Event-Related News of Interest

Latin America is an increasingly complex and sophisticated market for asset managers.

New alternative-asset rules for AFPs will bolster new allocations

By early October, Chile’s Pension Superintendent is expected to publish a framework of general provisions that regulate private-pension-fund investment in alternative assets.

It is noteworthy that, almost without precedent, these regulations were submitted for two rounds of public comment, mostly by market actors. Many comments were received in the first period, several of which were incorporated into the text submitted for second consultation.

Apparently, the end result will be well-aligned with the expectations of market players, who in general consider that this is an important advance for the diversification of pension investment and availability of instruments that offer very competitive returns when compared to more liquid assets.

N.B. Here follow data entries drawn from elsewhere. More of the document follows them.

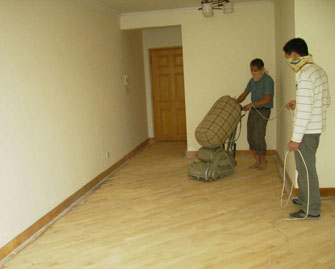 1. 使用大型地板翻新機(jī)械數(shù)次打磨除去漆層、表層、木質(zhì)層約0.5毫米,再經(jīng)仔細(xì)砂光使地板表面細(xì)膩、光滑
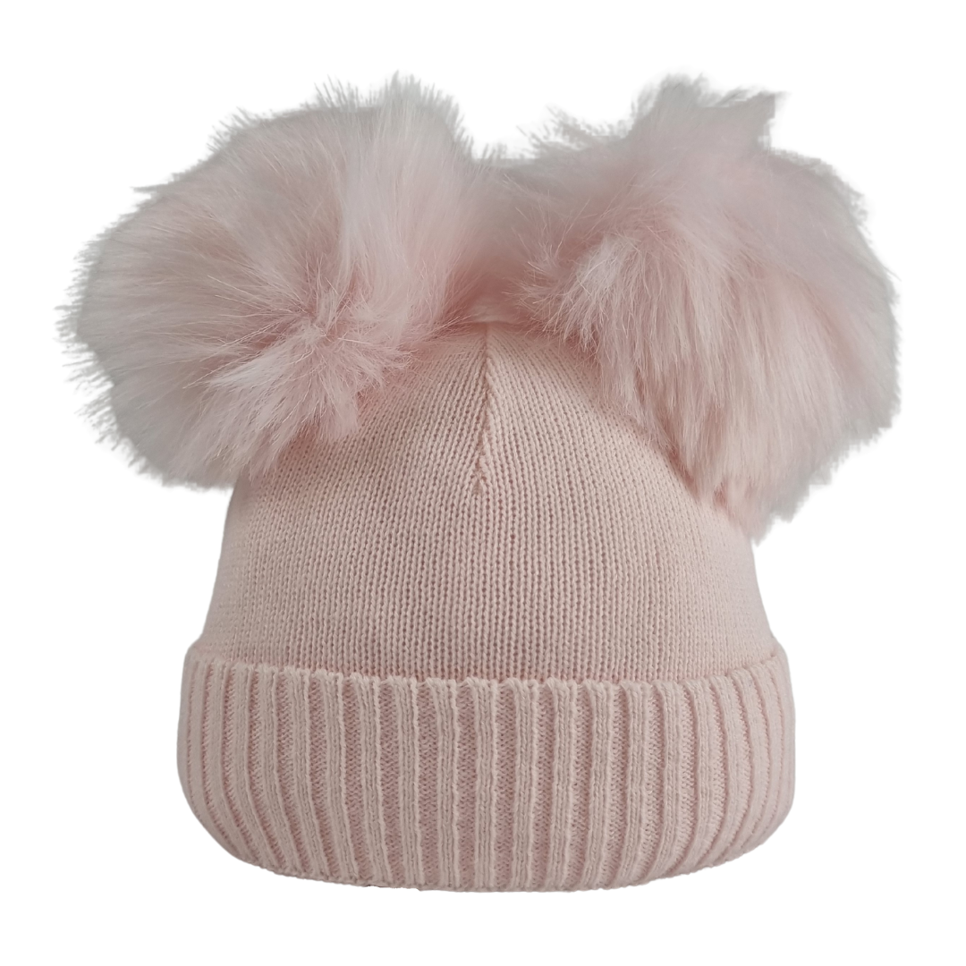Baby Double Pom Pom Beanie Hat - Blush Pink
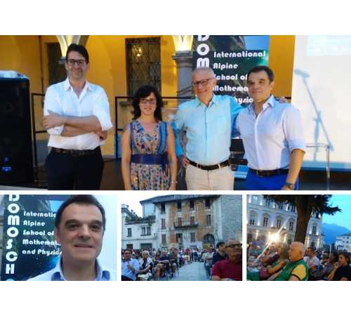 DOMODOSSOLA- 21-07-2019- In tanti venerdì sera in piazza Rovereto hanno partecipato all'incontro "Colloqui sull' Universo " organizzato da Ars. Uni.Vco nell'ambito della seconda edizione di Domoschool, International Alpine School of Mathematics and Physics. Special guest della serata lo scienziato ossolano dell'ESA ( Agenzia Spaziale Europea) Andrea Accomazzo che insieme al fisico milanese Marco Giammarchi, docente di fisica nucleare a Milano, ha portato la scienza fuori dalle aule scolastiche, intervenendo sul tema del futuro dell'esplorazione spaziale e sulla cosmologia. La serata, moderata dalla giornalista Cinzia Attinà, ha visto i saluti iniziali del vice sindaco Angelo Tandurella e la presenza di Sergio Cacciatori, scienziato ossolano curatore di Domoschool. Accomazzo a proposito della missione spaziale "Beyond" in corso adesso, spiega: " trovo molto significativo che Luca ( Parmitano) sia partito verso la stazione spaziale, nella ricorrenza dei cinquant'anni dallo sbarco sulla luna, che rimane la pietra miliare dell'esplorazione e dell'ardimento umano. Come ESA ci stiamo espandendo anche nell' esplorazione robotica. In particolare stiamo lavorando coi colleghi americani sulla nuova stazione spaziale: la costruiremo intorno alla luna e permetterà agli astronauti di andare sulla luna e da lì forse un giorno di assemblare l'astronave che ci porterà su Marte". E a proposito dei terrapiattisti, Accomazzo ha detto che dovrebbero essere i primi turisti spaziali e che dovremmo essere tutti contenti di far vedere loro come sia bella la nostra Terra così rotonda.
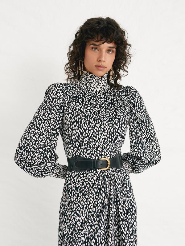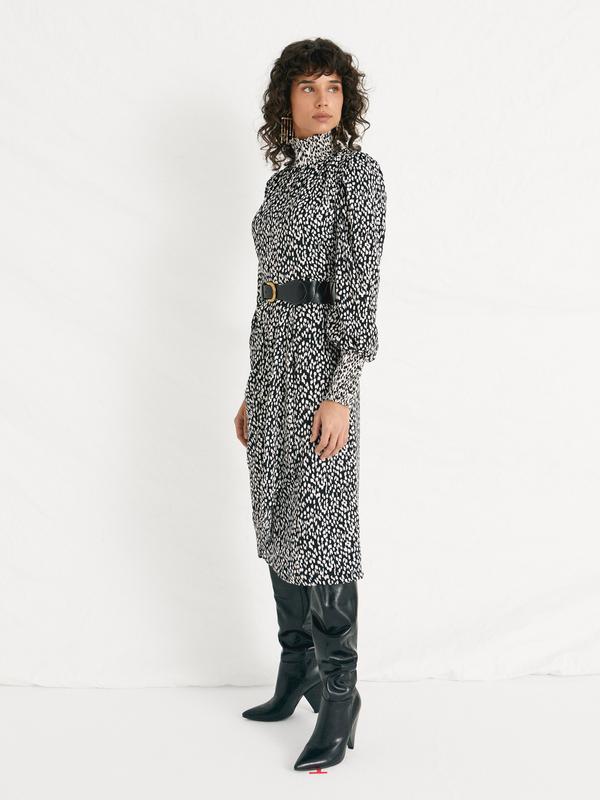 TURLINGTON – Vestido midi bicolor b/n abstracto

However, despite the many positive aspects, the new regulations are not expected to clear up uncertainty over the compensation of third-party managers that has cast a shadow over the the AFP industry. As noted, President Michelle Bachelet has issued a declaration of intent to force the AFP pension managers to pay a portion of third-party fees, as opposed to expensing them to the pension funds and affiliates.

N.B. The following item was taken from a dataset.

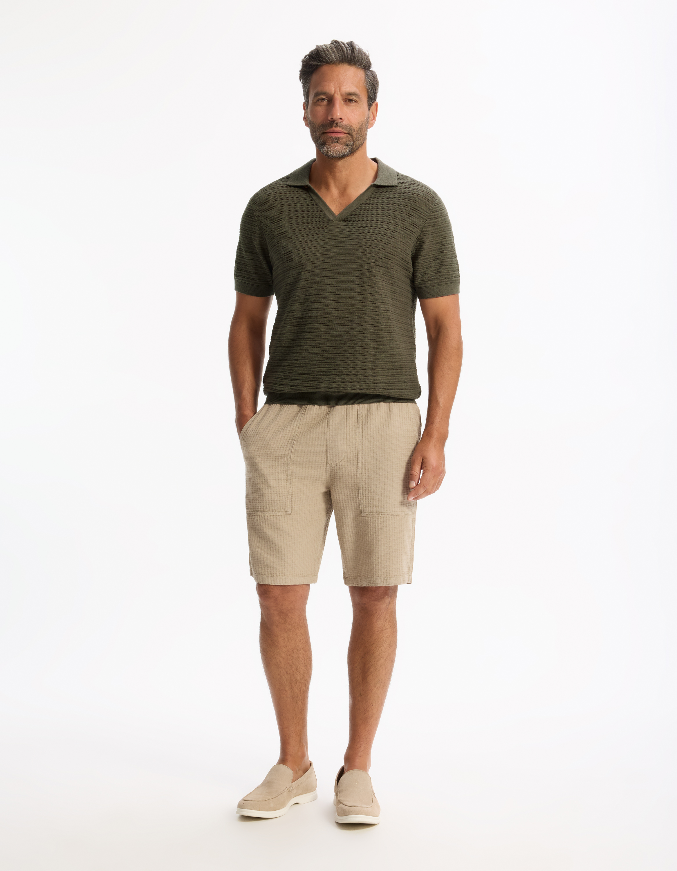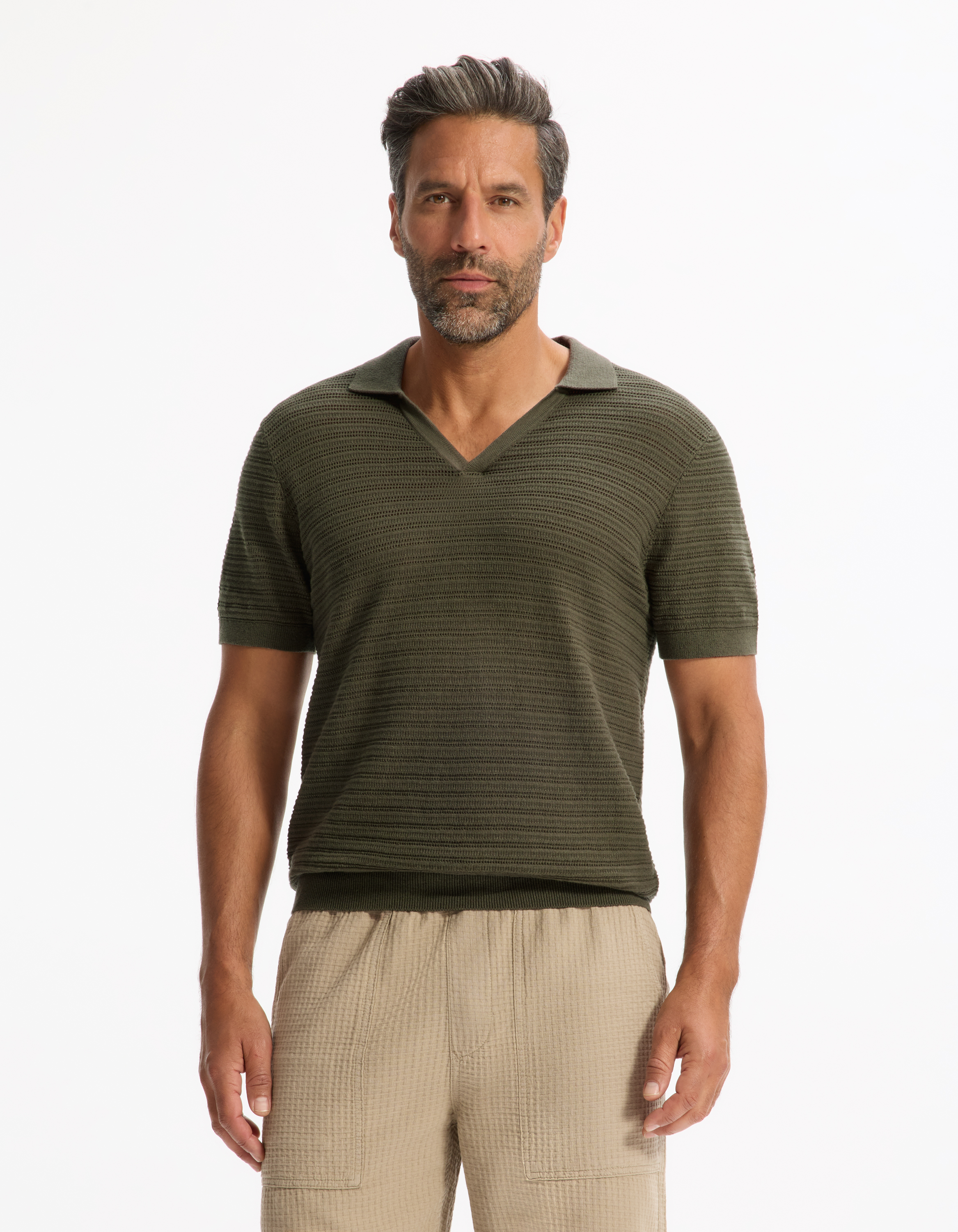 Polo slim en maille texturée coton mélangé - kaki

“In such a scenario, alternative funds, which charge higher fees due to their special characteristics, would be the most impacted, because AFPs will prefer instruments with lower fees,” a source told Fund Pro Latin America.

According to the Pension Superintendent, the objectives of the new general provisions, which should come into force next November, are to expand diversification of investments, improve returns, allow long-term investments and invest directly in broader variety of assets with possible cost savings for pension and severance funds.

One of the key elements of the new regulation is that pension funds will be able to invest between 5% and 15% of their AUM (according to Central Bank criteria) in alternative assets, all bunched in a special category, without competing with other asset classes, which is considered essential for promoting alternatives over other more advantageous options in a short-term outlook.

Some players said they would have preferred the use of sublimits to differentiate between different types of alternative assets, as in Peru, but these comments were apparently disregarded by the authority for now.

The creation of the alternatives class with sublimits would have encouraged additional investment in real-estate and infrastructure assets which, although they offer lower returns, are less volatile and have lower associated risk, thus complementing the AFPs’ investment portfolios.

“Without this differentiation, when pension funds are limited in space they most likely will prefer private equity over alternatives,” according to Ignacio Montes of Credicorp Capital.

The regulations also allow pension funds to invest directly in foreign alternatives, with no need for a local vehicle (feeder fund) as has been the case until now. In any event, these funds must be registered with the Risk Rating Commission, obviously with different criteria from traditional funds.

According to Ricardo Morales of HMC Capital, the transition to the new system will not be quick, since direct investment is more complex in terms of due diligence and legal processing. “On the other hand, the fees paid to feeders are very low.”

On the alternative assets suitable for investment, the regulations consider the following: vehicles for investing in foreign private capital assets; vehicles for investing in foreign private debt; co-investment in private capital and private debt abroad; equity of national closely-held companies (this group includes shares in infrastructure concession and real-estate companies); non-housing endorsable mortgage loans, domestic non-housing real estate leasing; participation in syndicated loans and national non-housing real estate for rental; and public limited companies (SpA) and national partnerships limited by shares.

For the time being, hedge funds and commodities have definitely been left out of the assets that qualify for investment in alternatives, and will very likely also fall outside the general criteria for investment in the restricted category.